The changes in a child’s brain are visible on MRI tests, researchers have found, with some studies reporting jarring results and proof that the effects are more than just short-term symptoms. In 2011, University College London scientists found that children who had been exposed to family violence exhibited the same type of increased brain activity as soldiers exposed to combat.

From a policing perspective, early childhood trauma is something frontline officers take very seriously, says Const. Lindsay Dillon of the Royal Newfoundland Constabulary’s intimate-partner violence unit. The first priority when responding to a report of violence in a home is to ensure all occupants are safe, she says, and the second priority is supporting them.

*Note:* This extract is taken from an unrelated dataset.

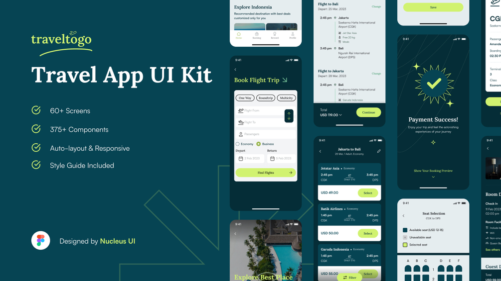 Unpack over thousands of components and variants, 500+ mobile screens (with eight different themes from Event, E-commerce, Finance, NFT, etc. – including Traveltogo – Travel & Itinerary booking mobile app design UI Kit) for only $109.
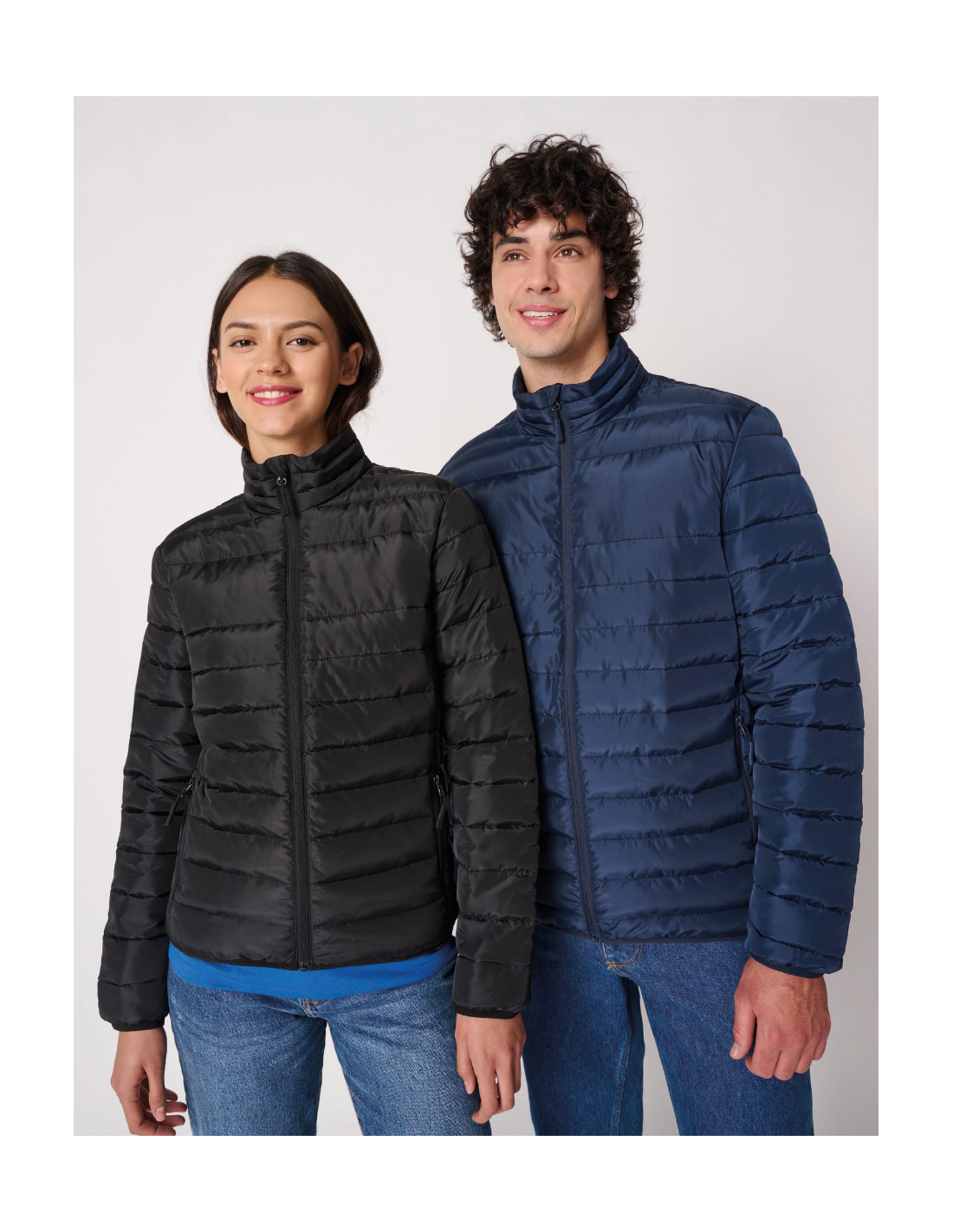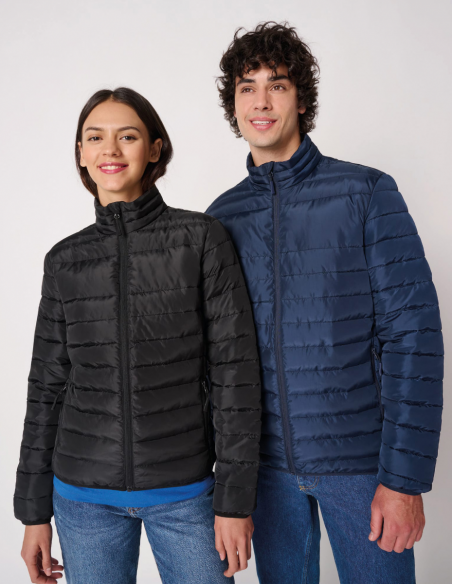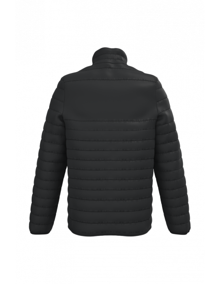 Coupe droite. Col montant. Deux poches côtés doublées en 290T, avec zips en nylon et tire-zips ton sur ton. Deux poches intérieures. Fermeture zippée en nylon ton sur ton avec protège menton et tire-zip. Matelassage horizontal. Bande de matelassage plus large de 11 cm à l'avant et de 14,5 cm dans le dos, favorisant la personnalisation. Finition biais élastiqué bas de manches et bas de vêtement ton sur ton. Boucle d’accroche intérieure col. Produit compressible dans son sac de rangement. Etiquette de marque détachable.

“Safety is our Number 1 concern, and exposing the child to as little as possible.” — Const. Lindsay Dillon, RNC


“The first thing we do is try and get (the abuser) out of the home as quickly as possible,” Dillon says. “Safety is our Number 1 concern, and exposing the child to as little as possible.”

That can mean bringing them to a different room as one of their parents is handcuffed and taken into custody. If police are able to establish safety for the child with the protective parent once the accused is arrested, they will provide resources, alerting child-protection workers with the Department of Children, Seniors and Social Development (CSSD). In severe cases, CSSD social workers will attend the scene and remove the children on the spot to protect them. That in itself can prove traumatic for a child.

RNC officers with the intimate-partner violence unit will follow up with the victim, Dillon says, discussing a safety plan for themselves and their children, ensuring access to resources and liaising with the courts to provide updates.

Frontline officers receive sensitivity training and other specific education when it comes to dealing with victims of intimate-partner violence — both the adult and child victims — but it’s often impossible to be hardened to the aftermath of those types of calls.

“A lot of the frontline officers are parents,” Dillon says. “It’s sometimes difficult to shut off the heart in those situations.”


Contact the Kids Help Phone for support: 1-800-668-6868


There’s evidence to suggest the cycle of violence often continues, with children growing up to become offenders or victims themselves. It’s something Dillon has personally witnessed.

“I’ve got 16 years in this job and it absolutely has happened,” she says. “I’ve seen service requests in our system where I’ve recognized a name and then realized, oh yeah, they were involved in a call with mom and dad. Every child is different, but it’s a learned behaviour. If they grow up in a house with violence, it’s all they know. The trauma is normalized.”

About half of the inmates in Canada had experienced childhood abuse in a range of forms, a study out of McMaster University revealed two years ago, analyzing data from 30 years of research into Canadian prisons. It’s a common issue addressed in the criminal courts, often taken into consideration as a mitigating factor upon sentencing — as an explanation, not an excuse.

Many women in violent intimate relationships report having grown up in a home where it was all they knew, Moore says.

The solution, she says, comes down to early education, both in terms of ending the cycle of violence and helping children to speak up about what they may be experiencing at home.

“I really believe that this is a gendered crime, one that sees men as abusers and women as victims most of the time,” she says. “I think that respect and gender dynamics and equality should be part of our core subjects from grades K-12. A problem well-defined is a problem half solved, so if we start teaching our children about gender disparity and inequity then those children are going to grow up and create a world where we see a lot less of those things.”

In the meantime, Moore says, more supports for survivors and offenders would go a long way.

“A lot of women love the abuser but hate the abuse, and a lot men are like that, too — they don’t want to be that way. The more supports we can provide them, the more we can undo what’s going on now.”